* [DATASET EXCERPTS]:
=-=-=
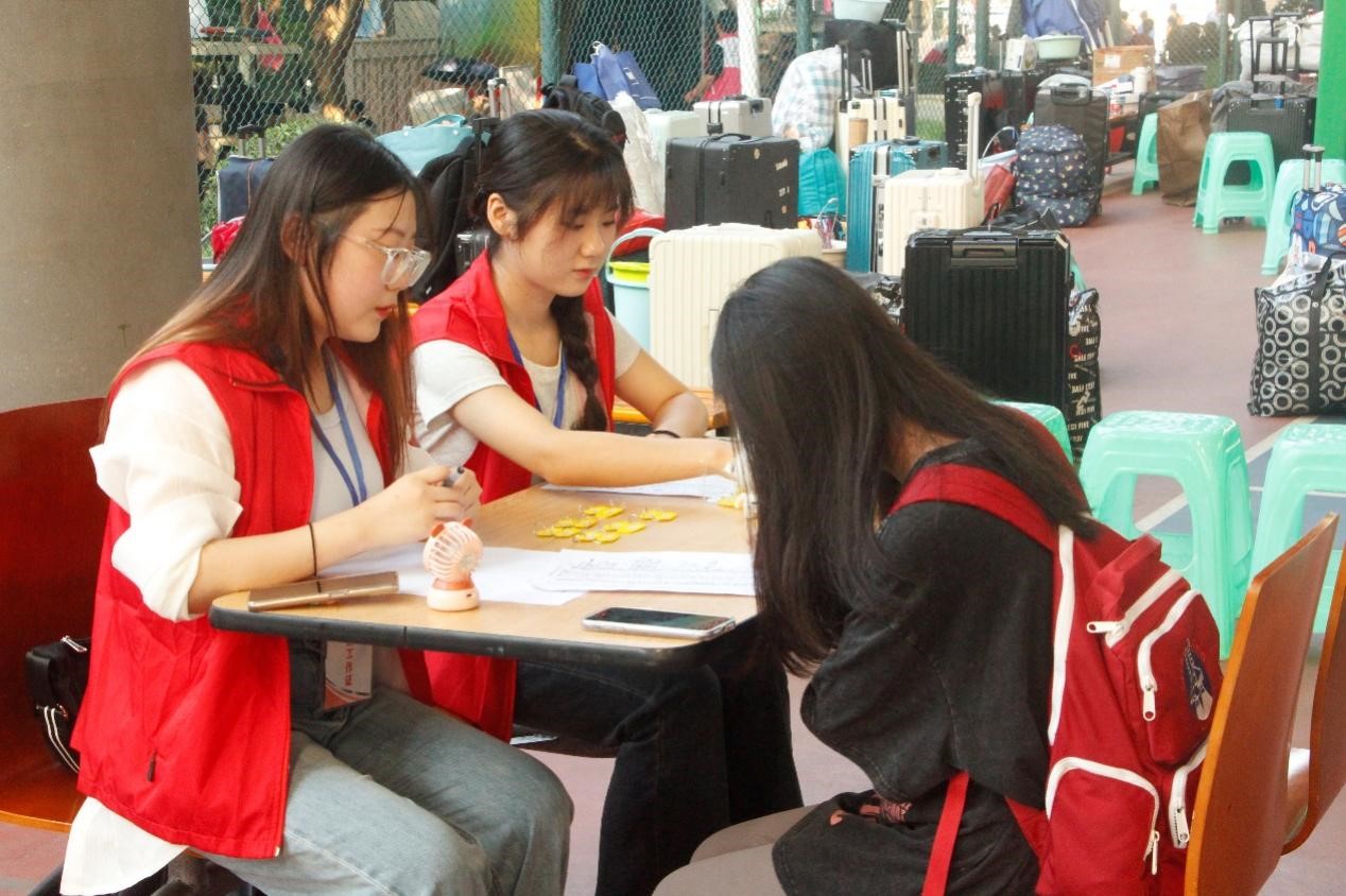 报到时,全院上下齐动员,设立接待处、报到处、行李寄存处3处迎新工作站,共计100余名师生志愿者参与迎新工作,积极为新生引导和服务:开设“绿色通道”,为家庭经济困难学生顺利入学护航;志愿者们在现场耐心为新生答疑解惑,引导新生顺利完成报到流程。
=-=-=
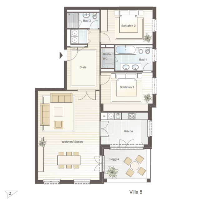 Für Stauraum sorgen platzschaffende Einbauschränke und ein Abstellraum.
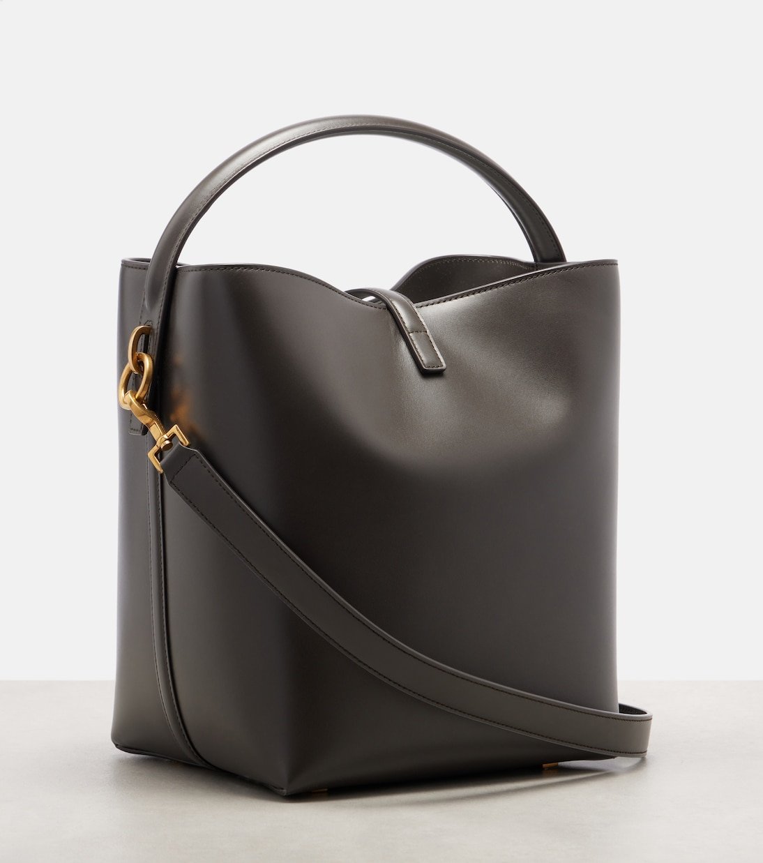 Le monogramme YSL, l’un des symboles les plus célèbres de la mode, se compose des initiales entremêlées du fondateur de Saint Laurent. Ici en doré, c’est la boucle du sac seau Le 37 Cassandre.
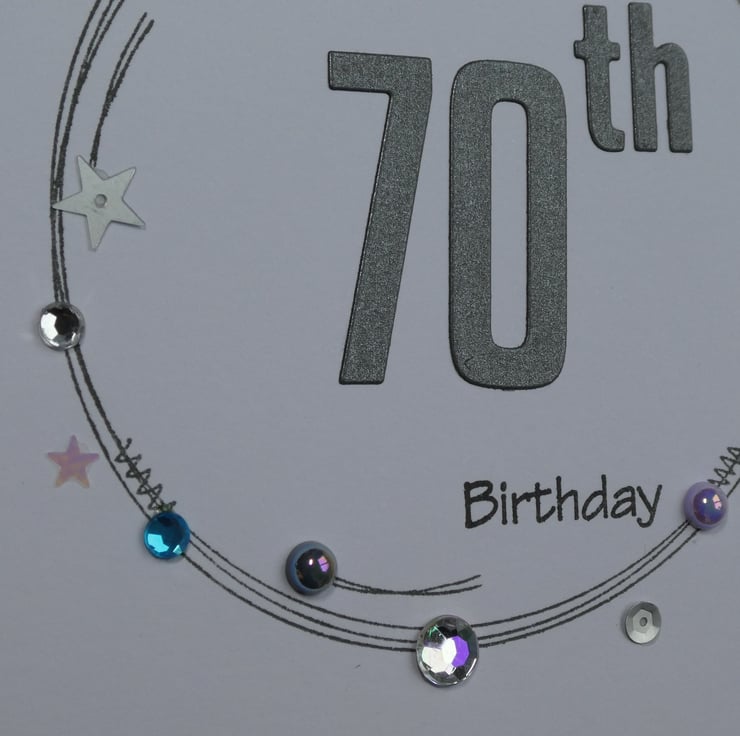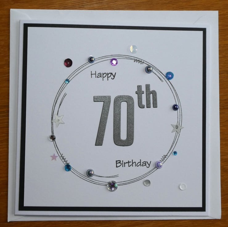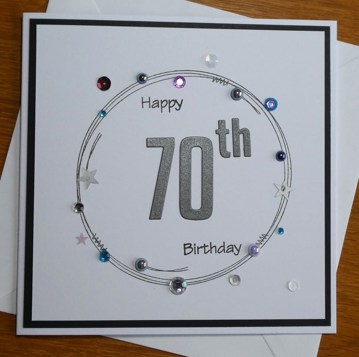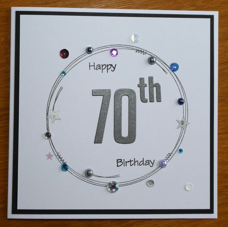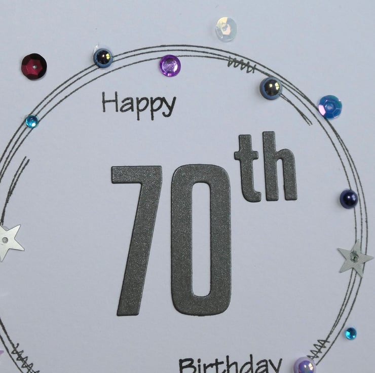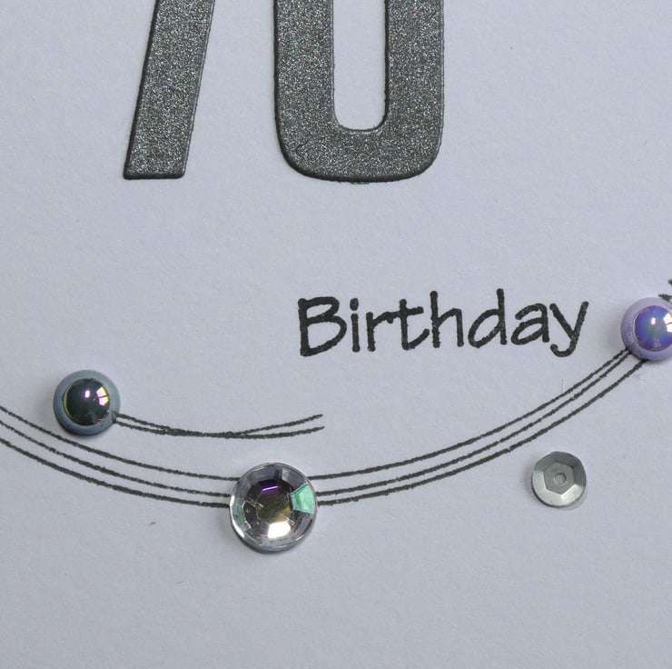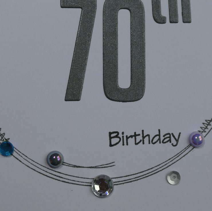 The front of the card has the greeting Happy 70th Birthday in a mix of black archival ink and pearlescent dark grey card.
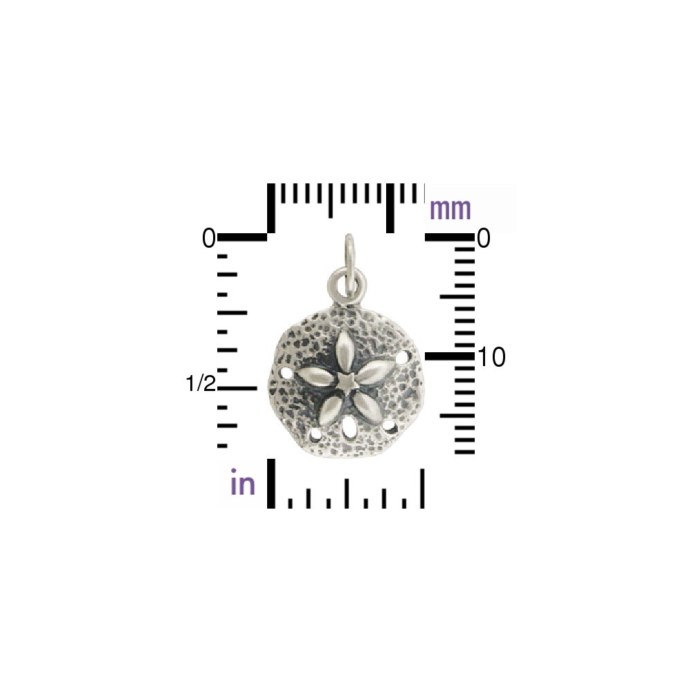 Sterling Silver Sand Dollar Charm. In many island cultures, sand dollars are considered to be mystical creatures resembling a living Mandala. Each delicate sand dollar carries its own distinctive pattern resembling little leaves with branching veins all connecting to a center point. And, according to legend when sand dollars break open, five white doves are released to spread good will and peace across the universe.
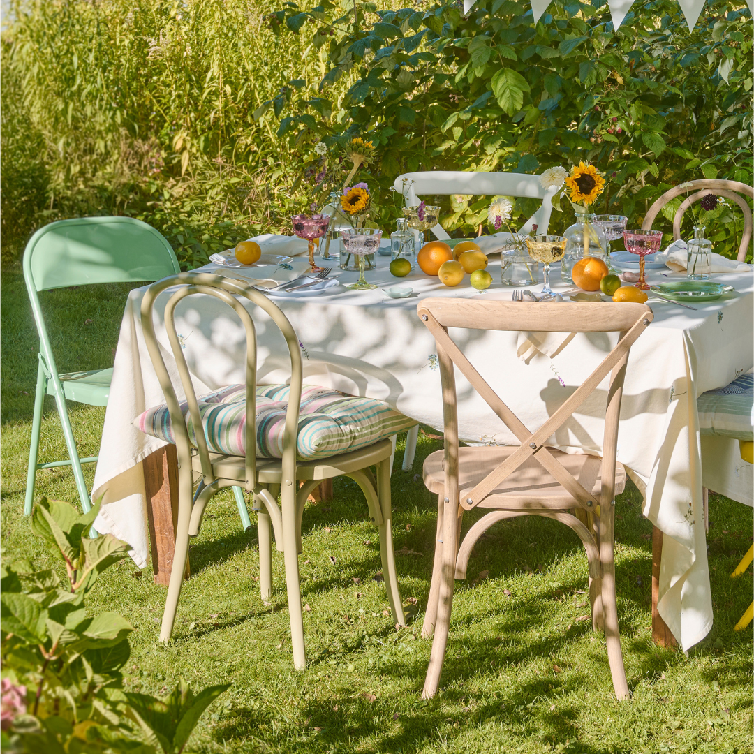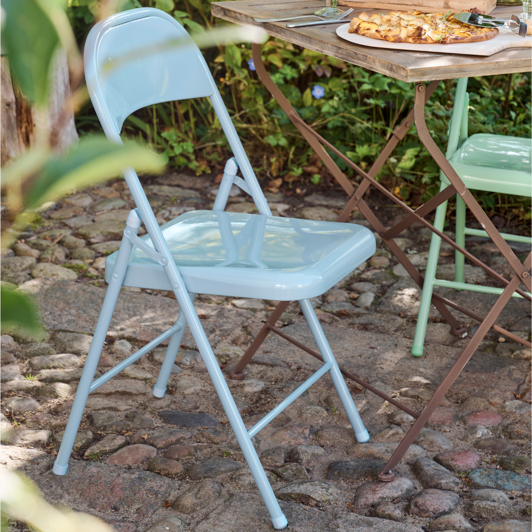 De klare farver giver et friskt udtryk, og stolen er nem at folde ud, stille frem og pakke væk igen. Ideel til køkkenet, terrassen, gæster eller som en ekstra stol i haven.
=-=-=
* [EXERCISE DIRECTIONS]:
Above are some entries. Restate word for word the lines from the one holding "The front of" through the one holding "De klare farver", but not the pictures.

* [EXERCISE RESULT]:
 The front of the card has the greeting Happy 70th Birthday in a mix of black archival ink and pearlescent dark grey card.
 Sterling Silver Sand Dollar Charm. In many island cultures, sand dollars are considered to be mystical creatures resembling a living Mandala. Each delicate sand dollar carries its own distinctive pattern resembling little leaves with branching veins all connecting to a center point. And, according to legend when sand dollars break open, five white doves are released to spread good will and peace across the universe.
 De klare farver giver et friskt udtryk, og stolen er nem at folde ud, stille frem og pakke væk igen. Ideel til køkkenet, terrassen, gæster eller som en ekstra stol i haven.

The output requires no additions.